EXERCISE: Output the records below in full, word for word; pictures do not belong in it.

Extracted records
───
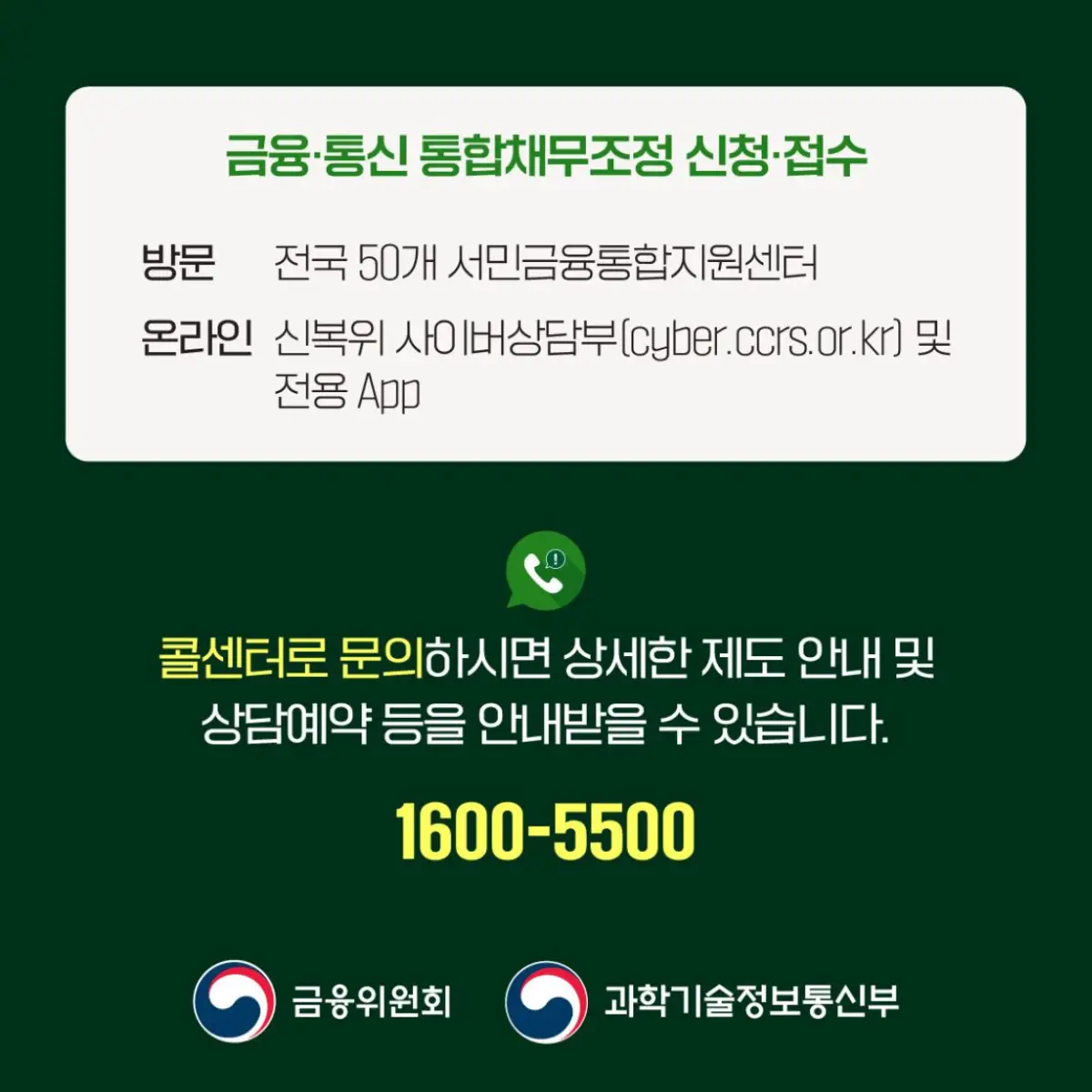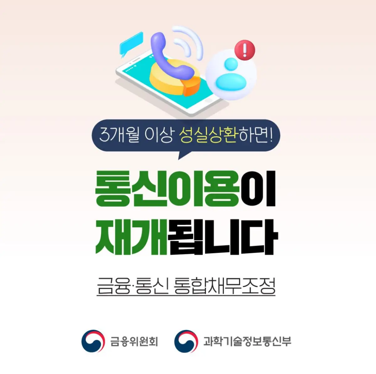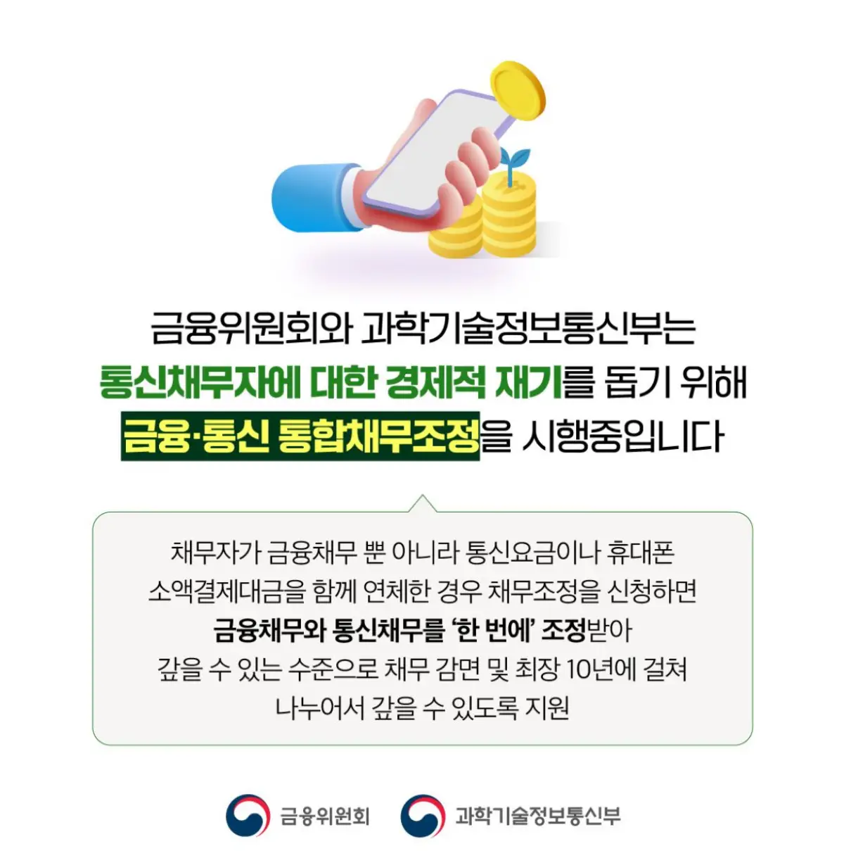 금융위원회와 과학기술정보통신부에서 휴대폰 요금을 연체하여 일을 할 수 없는 분들을 위해 내가 가지고 있는 금융채무인 카드연체와 대출, 그리고 밀린 통신요금을 합쳐서 한번에 채무조정을 받을 수 있습니다.
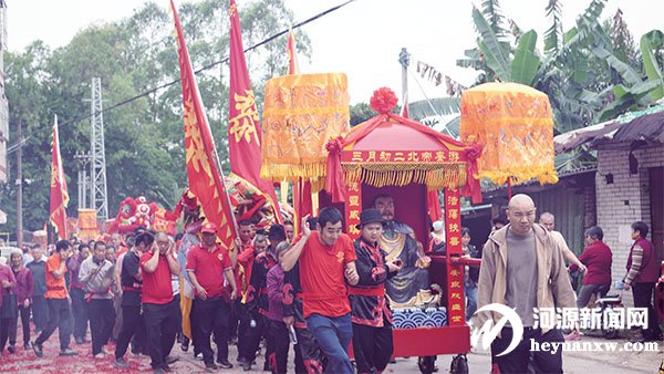 按照當?shù)仫L(fēng)俗,巡游活動于當日上午9時啟動,鼓樂開路,鞭炮齊鳴,龍舞、獅舞、春牛舞、紙馬舞等民間藝術(shù)熱鬧登場,場面盛大。北帝公神像所到之處,村民都紛紛跑出來燃放鞭炮歡迎。一行人浩浩蕩蕩繞村而巡,紅紅火火,熱鬧非凡。
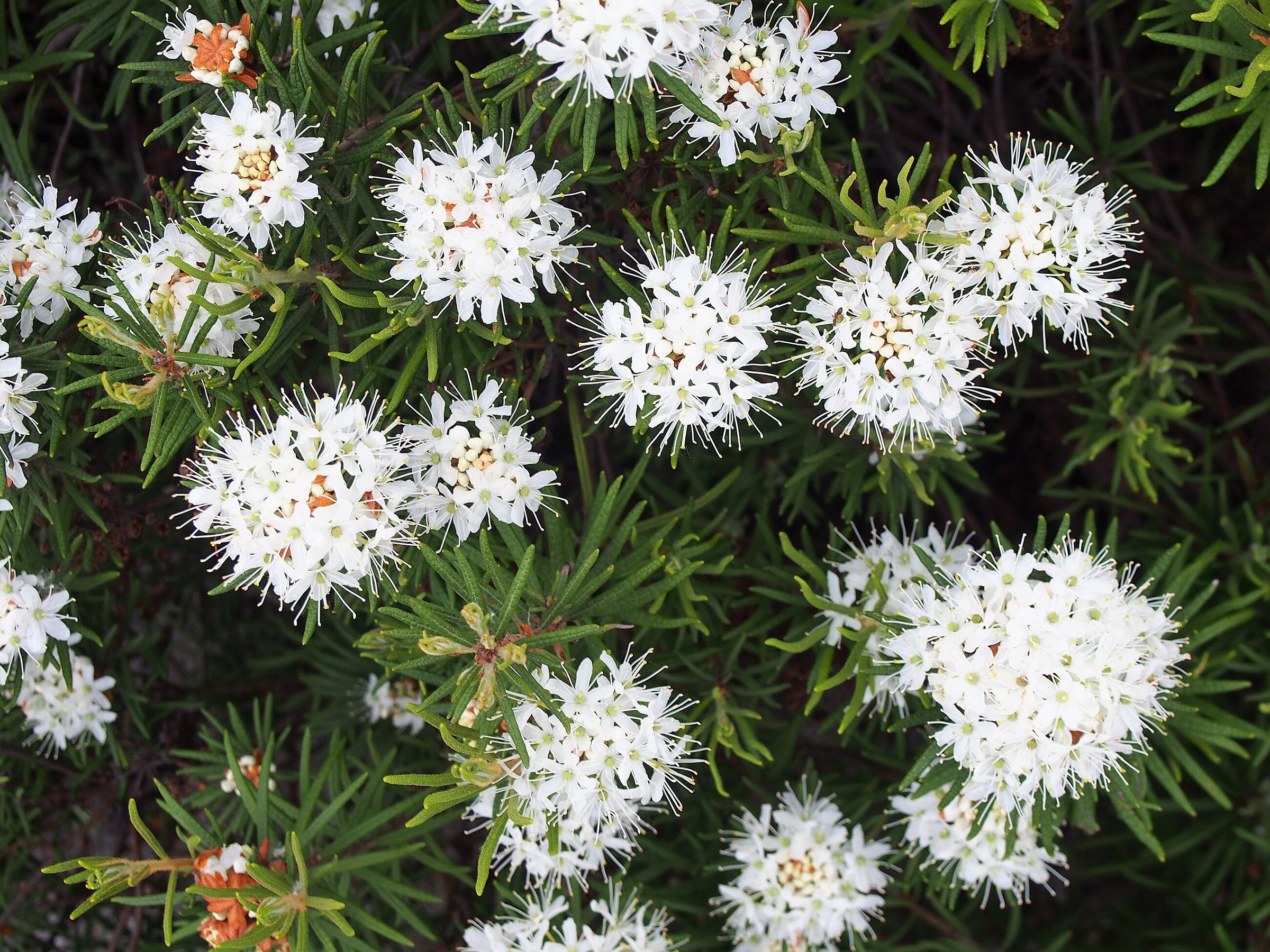 При растирании побегов и листьев появляется резкий смолисто-камфорный запах. Цветки белые и собраны плотными пучками на концах веточек, издалека растение выглядит как светлая «шапка» на фоне мха.
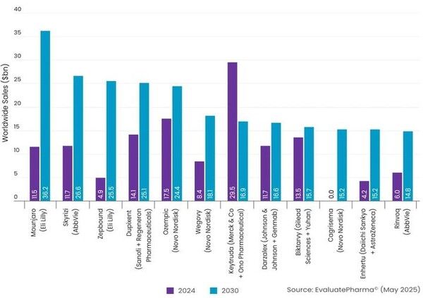 구체적으로 일라이 릴리의 마운자로와 젭바운드는 각각 2030년 가장 많이 팔린 약물과 세 번째로 많이 팔린 약물이 될 것이라는 예측이다.
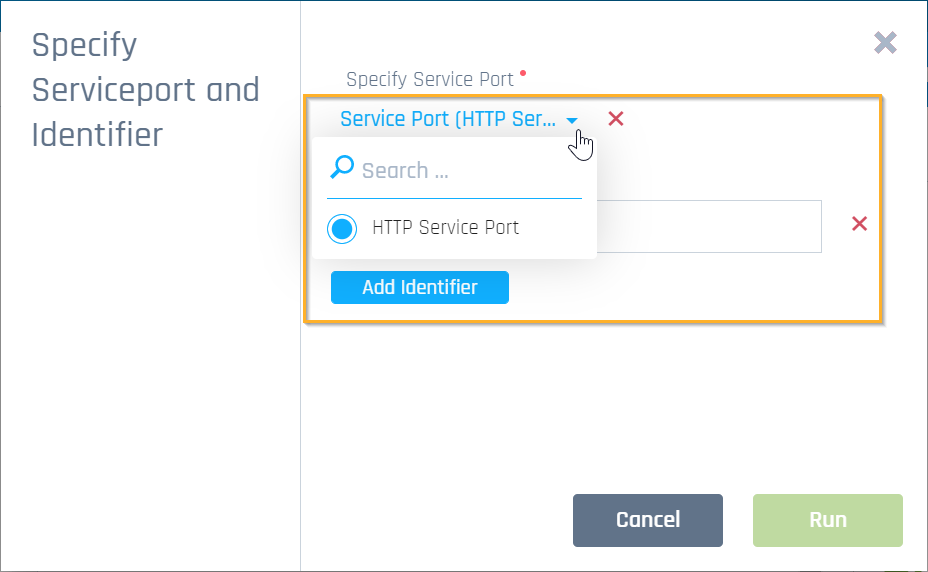 Geben Sie im folgenden Fenster den Service Port und Identifier für Ihr Szenario an. Wählen Sie dazu einen Serviceport aus dem Aufklappmenü. Geben Sie den Wert Ihres Bezeichners an. Um mehr als einen Bezeichner zu definieren, klicken Sie auf die Schaltfläche Add Identifier.
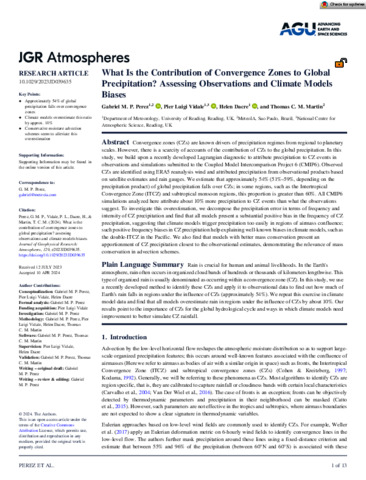 Perez, G. M. P., Vidale, P. L. orcid id iconORCID: https://orcid.org/0000-0002-1800-8460, Dacre, H. orcid id iconORCID: https://orcid.org/0000-0003-4328-9126 and Martin, T. C. M. (2024) What is the contribution of convergence zones to global precipitation? Assessing observations and climate models biases. JGR Atmospheres, 129 (9). e2023JD039635. ISSN 2169-8996 doi: 10.1029/2023JD039635
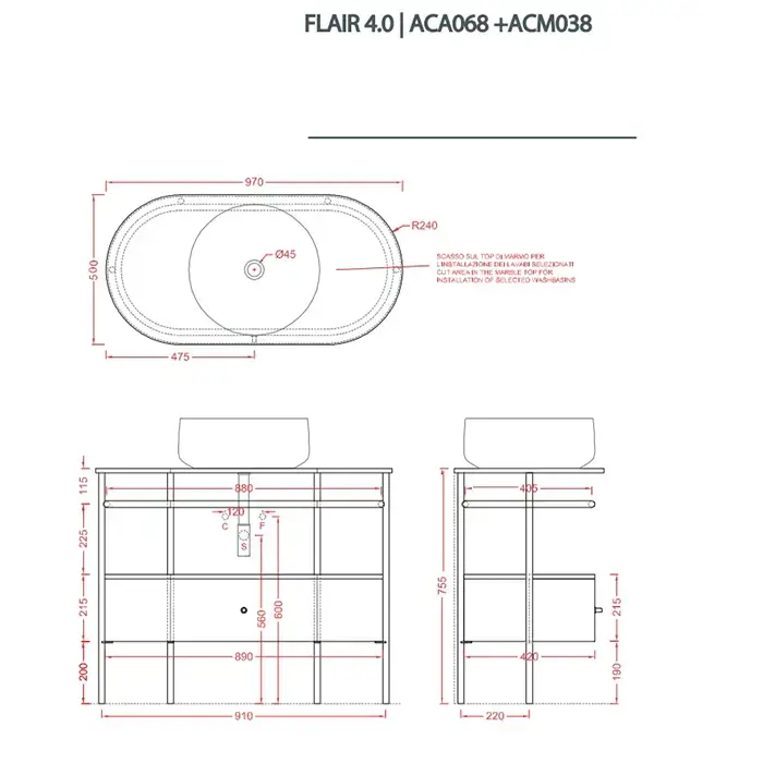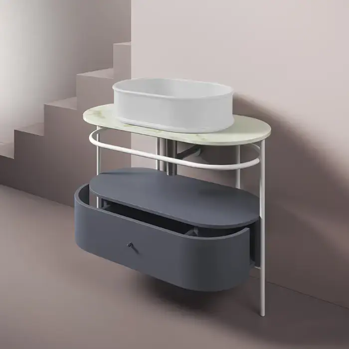Artceram Flair 4.0 Консоль металлическая с раковиной 95x48хh75см., напольная, с выдвижным ящиком и мраморной столешницей, цвет: белый матовый
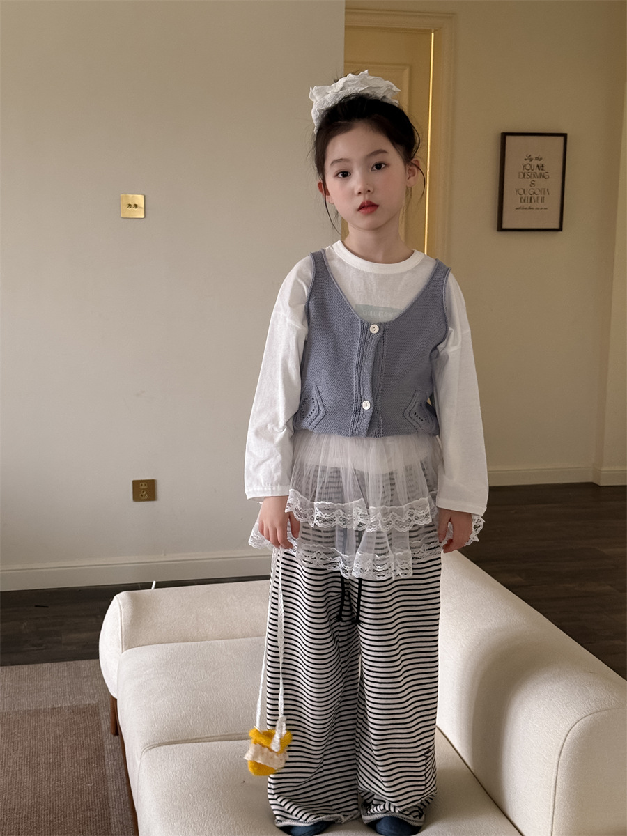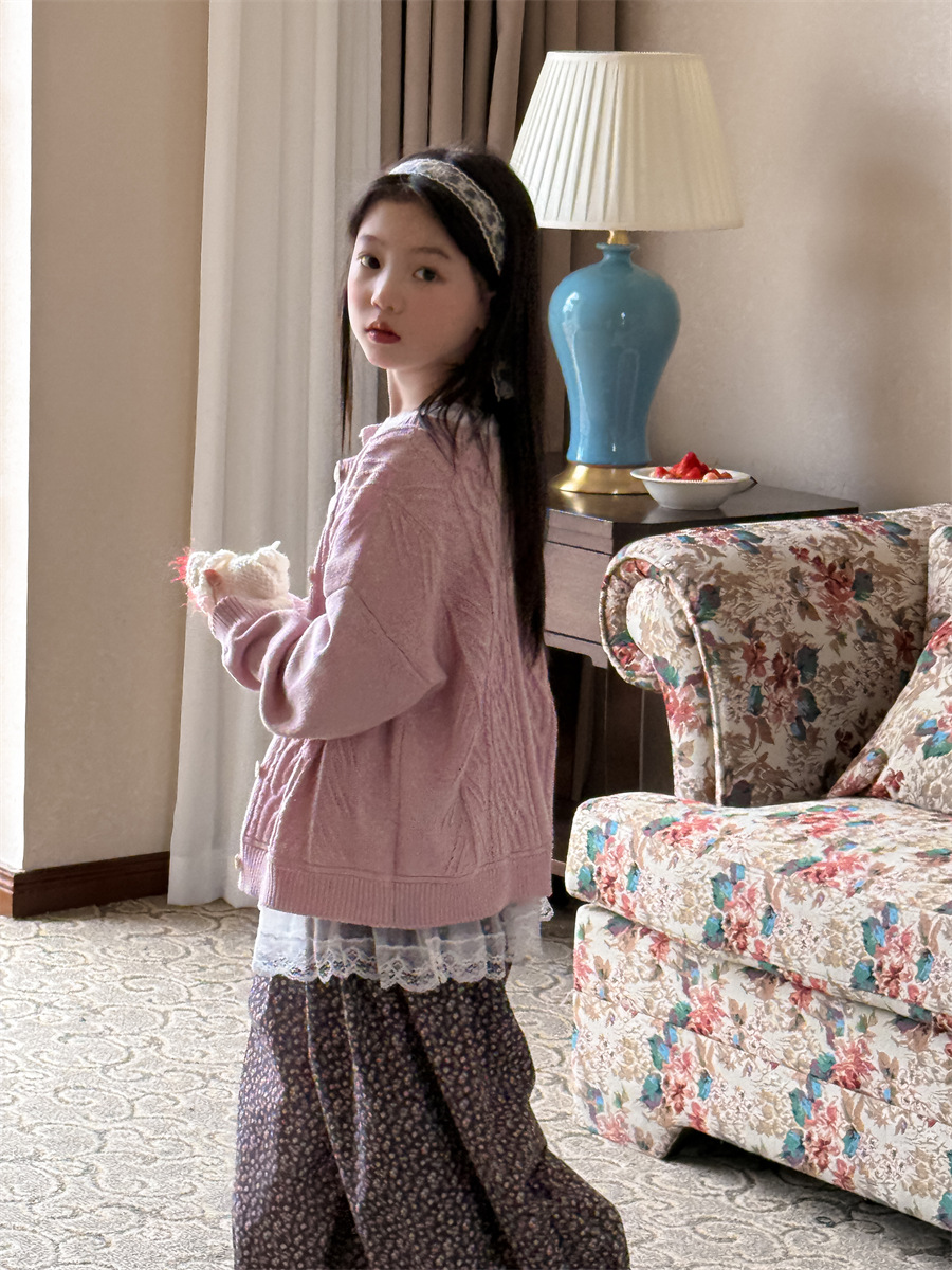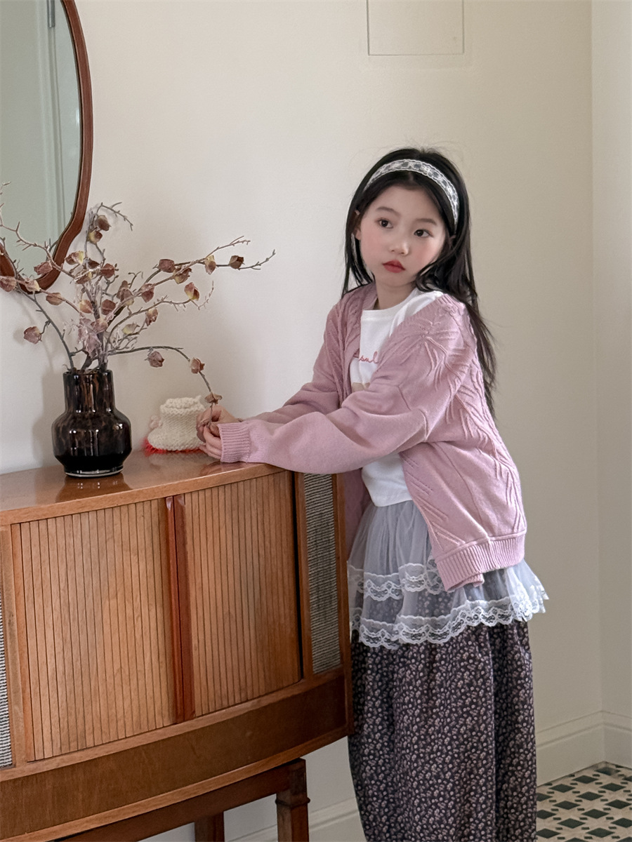 꽃과 찾기 KIDS 소녀 스커트 2025 봄 새로운 더블 레이어 아트 커튼 쌓인 아티팩트 캐주얼 스커트
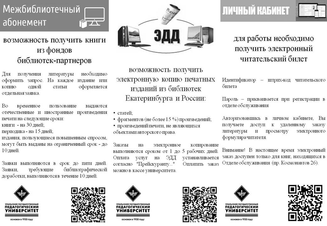МБА: межбиблиотечный абонемент – возможность получить книги из фондов библиотек-партнеров. Для получения литературы необходимо заполнить заявку на сайте (Библиотека → Услуги → МБА → Заявка). ЭДД: электронная доставка документов – возможность получить электронную копию печатных изданий из библиотек Екатеринбурга и России. Читатель оформляет запрос на электронное копирование на сайте (Библиотека → Услуги → ЭДД → Заявка).
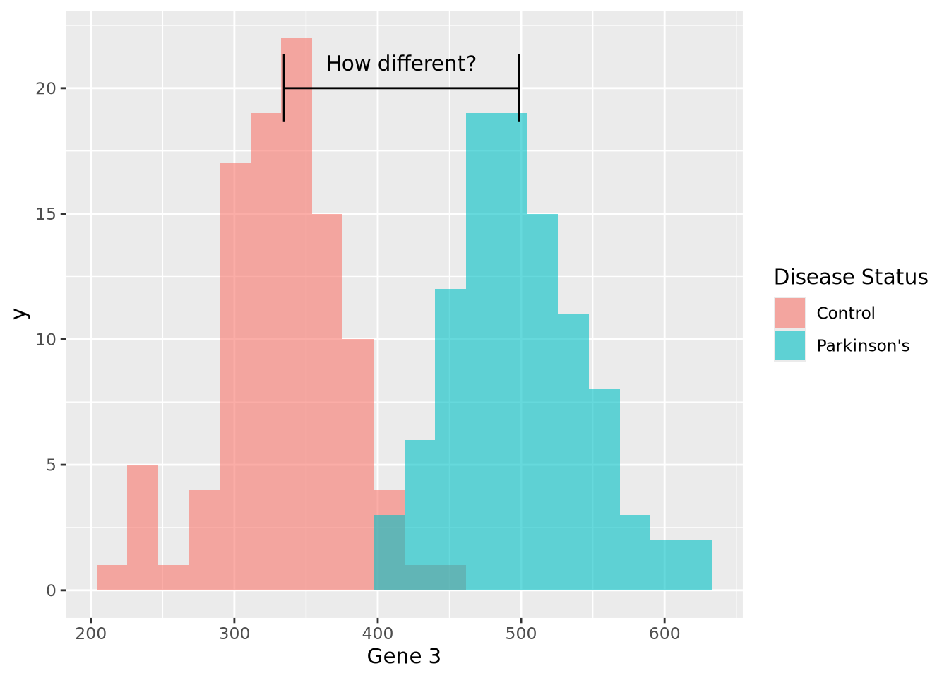 So far, we have not done any modeling, but instead relied on plotting and our eyes. A more quantitative question might be: how much higher is Gene 3 expression in Parkinson’s Disease than control? Another way of posing this question is: if I know a patient has Parkinson’s Disease, what Gene 3 expression value do I expect them to have? Written this way, we have turned our question into a prediction problem: if we only had information that a patient had Parkinson’s Disease, what is the predicted expression value of their Gene 3?
───
TASK RESPONSE:
 금융위원회와 과학기술정보통신부에서 휴대폰 요금을 연체하여 일을 할 수 없는 분들을 위해 내가 가지고 있는 금융채무인 카드연체와 대출, 그리고 밀린 통신요금을 합쳐서 한번에 채무조정을 받을 수 있습니다.
 按照當?shù)仫L(fēng)俗,巡游活動于當日上午9時啟動,鼓樂開路,鞭炮齊鳴,龍舞、獅舞、春牛舞、紙馬舞等民間藝術(shù)熱鬧登場,場面盛大。北帝公神像所到之處,村民都紛紛跑出來燃放鞭炮歡迎。一行人浩浩蕩蕩繞村而巡,紅紅火火,熱鬧非凡。
 При растирании побегов и листьев появляется резкий смолисто-камфорный запах. Цветки белые и собраны плотными пучками на концах веточек, издалека растение выглядит как светлая «шапка» на фоне мха.
 구체적으로 일라이 릴리의 마운자로와 젭바운드는 각각 2030년 가장 많이 팔린 약물과 세 번째로 많이 팔린 약물이 될 것이라는 예측이다.
 Geben Sie im folgenden Fenster den Service Port und Identifier für Ihr Szenario an. Wählen Sie dazu einen Serviceport aus dem Aufklappmenü. Geben Sie den Wert Ihres Bezeichners an. Um mehr als einen Bezeichner zu definieren, klicken Sie auf die Schaltfläche Add Identifier.
 Perez, G. M. P., Vidale, P. L. orcid id iconORCID: https://orcid.org/0000-0002-1800-8460, Dacre, H. orcid id iconORCID: https://orcid.org/0000-0003-4328-9126 and Martin, T. C. M. (2024) What is the contribution of convergence zones to global precipitation? Assessing observations and climate models biases. JGR Atmospheres, 129 (9). e2023JD039635. ISSN 2169-8996 doi: 10.1029/2023JD039635
Artceram Flair 4.0 Консоль металлическая с раковиной 95x48хh75см., напольная, с выдвижным ящиком и мраморной столешницей, цвет: белый матовый
 꽃과 찾기 KIDS 소녀 스커트 2025 봄 새로운 더블 레이어 아트 커튼 쌓인 아티팩트 캐주얼 스커트
МБА: межбиблиотечный абонемент – возможность получить книги из фондов библиотек-партнеров. Для получения литературы необходимо заполнить заявку на сайте (Библиотека → Услуги → МБА → Заявка). ЭДД: электронная доставка документов – возможность получить электронную копию печатных изданий из библиотек Екатеринбурга и России. Читатель оформляет запрос на электронное копирование на сайте (Библиотека → Услуги → ЭДД → Заявка).
 So far, we have not done any modeling, but instead relied on plotting and our eyes. A more quantitative question might be: how much higher is Gene 3 expression in Parkinson’s Disease than control? Another way of posing this question is: if I know a patient has Parkinson’s Disease, what Gene 3 expression value do I expect them to have? Written this way, we have turned our question into a prediction problem: if we only had information that a patient had Parkinson’s Disease, what is the predicted expression value of their Gene 3?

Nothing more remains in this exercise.